For our breathing process to go on smoothly, it is important to keep the air passages moist. Our lungs continually release a fluid for the purpose. However, in cystic fibrosis, water content of this fluid is reduced and it turns into thick mucous. Consequently, it becomes difficult to cough it up or spit it out. Thus, it blocks the air passages leading to difficult breathing and ultimately becomes the site for growth of bacteria causing various types of infections. Due to these infections, the lung tissues are slowly destroyed ultimately leading to death.
The thickened fluid contains deoxyribonucleic acid (DNA) in high concentration. Dornase alpha, which is a genetically prepared form of the enzyme deoxyribonuclease or DNAse, breaks down this DNA and makes the mucous more fluid facilitating its easy removal from the air passages and preventing the complications noted above.
Dornase alpha received FDA's approval in 1993.
We don't know for certain whether dornase alpha reaches breast milk or not. If you are breast feeding babies, tell your doctor about it and let him decide whether you should continue breast feeding or not.
Dornase alpha is used to ease breathing and prevent lung infections in patients suffering from cystic fibrosis. It is often combined with other medicines, including antibiotics, anti inflammatory medication, bronchodilators and corticosteroids, for proper management of cystic fibrosis.
Dornase alpha does not cure cystic fibrosis. However, used regularly, it makes breathing easier and decreases the possibility of serious infections of the lung. It is a prescription medicine, available only on the advice of your doctor.
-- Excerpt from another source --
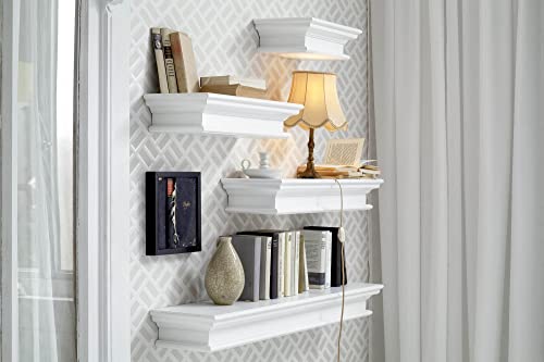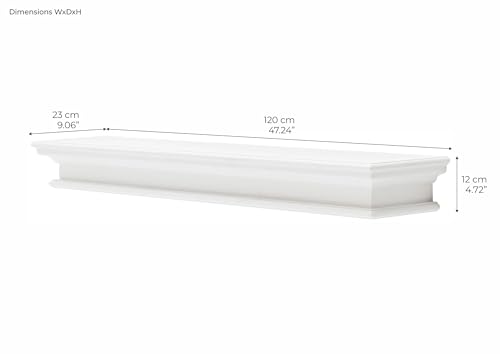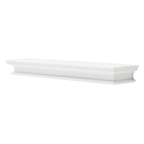 Halifax Pure White Mahogany Wood Floating Shelf, Extra Long

Dornase alpha is inhaled directly into the lungs with a specially designed breathing equipment. Your doctor or the pharmacist will tell you about the proper way of preparing the medication and using the breathing equipment. If anything is unclear, ask them.
Dosage will be based on the severity of your condition and your body's response to the treatment. Don't increase the dose or the frequency decided by your doctor. It will not improve your condition any faster, and will increase the risk of side effects. For optimum benefits, use regularly at about the same time every day.
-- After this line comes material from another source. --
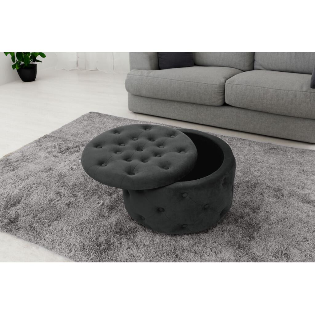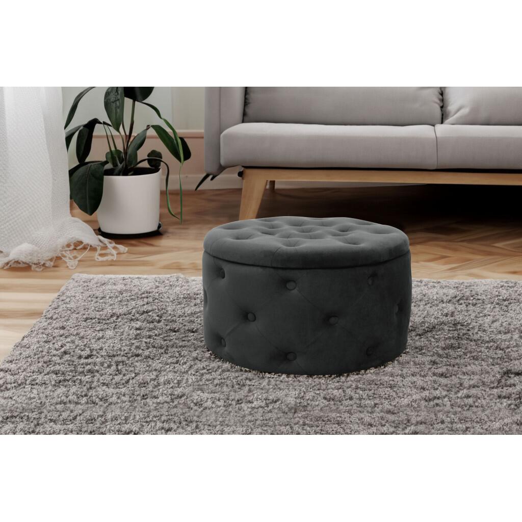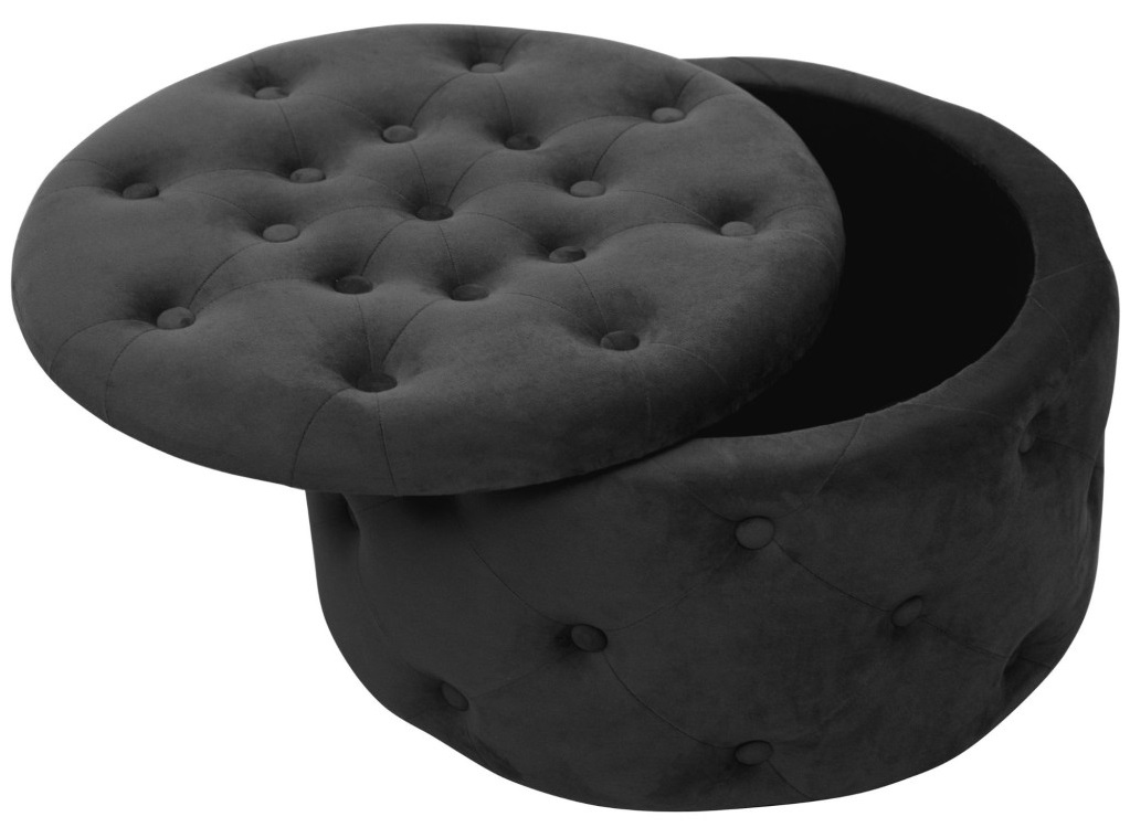 Taburet, rotund, cu spatiu depozitare, catifea, negru, max 80 kg, 55x30 cm, Alia, Akord

The main reason for the fluid or mucous in the air passages being so thick in cystic fibrosis affected people, is the large number of DNA present in it. Dornase alpha is a genetically prepared form of the enzyme deoxyribonuclease, or DNAse, that breaks down this DNA and makes the mucous more fluid and less sticky, which is then easily coughed up.
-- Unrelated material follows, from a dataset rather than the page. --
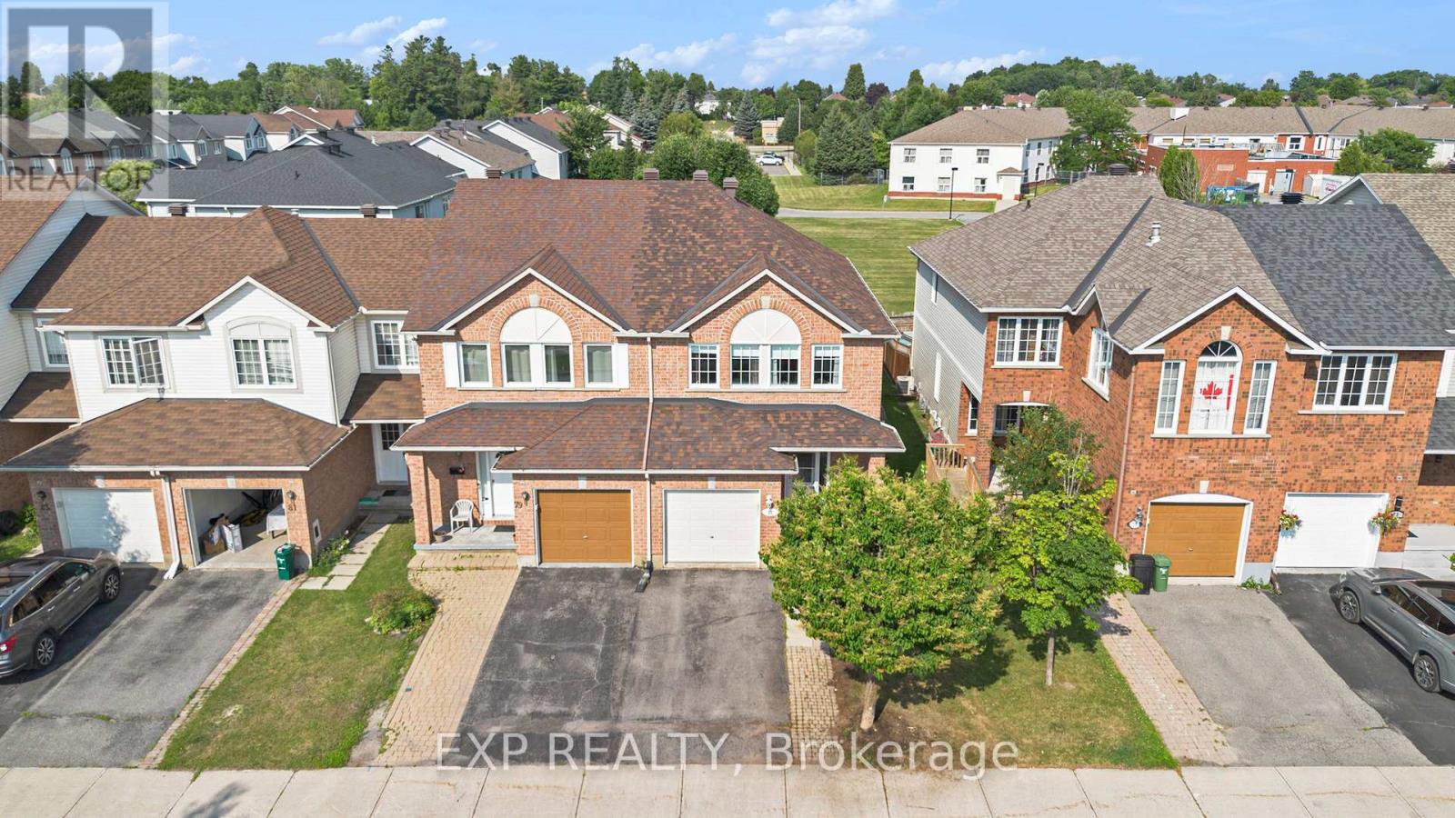 Welcome to 77 Palmadeo Drive, a Richcraft-built, rare End-unit townhouse on a premium lot with NO FRONT or REAR neighbours, offering exceptional privacy and over 1,950 sq ft of finished living space in the heart of Barrhaven. This beautifully maintained 3-bedroom, 3-bathroom home features a bright open-concept layout with hardwood floors, a cozy gas fireplace, and a modern kitchen with stainless steel appliances and ample cabinetry. The spacious primary bedroom offers a walk-in closet and a 4-piece ensuite, while the upper-level laundry adds everyday convenience. The fully finished basement includes a large recreation room and ample storage, ideal for entertaining or working from home. A 2021-installed home comfort system(includes Furnace, AC, Air Cleaner, Humidifier, and Thermostat) enhances comfort year-round. This is your opportunity to own an end-unit in a family-friendly neighbourhood with outstanding lot privacy.

Dornase alpha's is effective only when used regularly; once use is stopped, benefits too stop. Therefore, its use must go on indefinitely.
Store dornase alpha ampules that you are using at 36-46° F and protect it from light. Keep the ampules that are not being used in their protective pouches, and store them in the refrigerator above freezing temperature. Don't leave it without refrigeration for more than 24 hours. If an ampule is accidently left out for more than that, don't use it and throw it away. Also throw away the medicine that is outdated or is no longer required.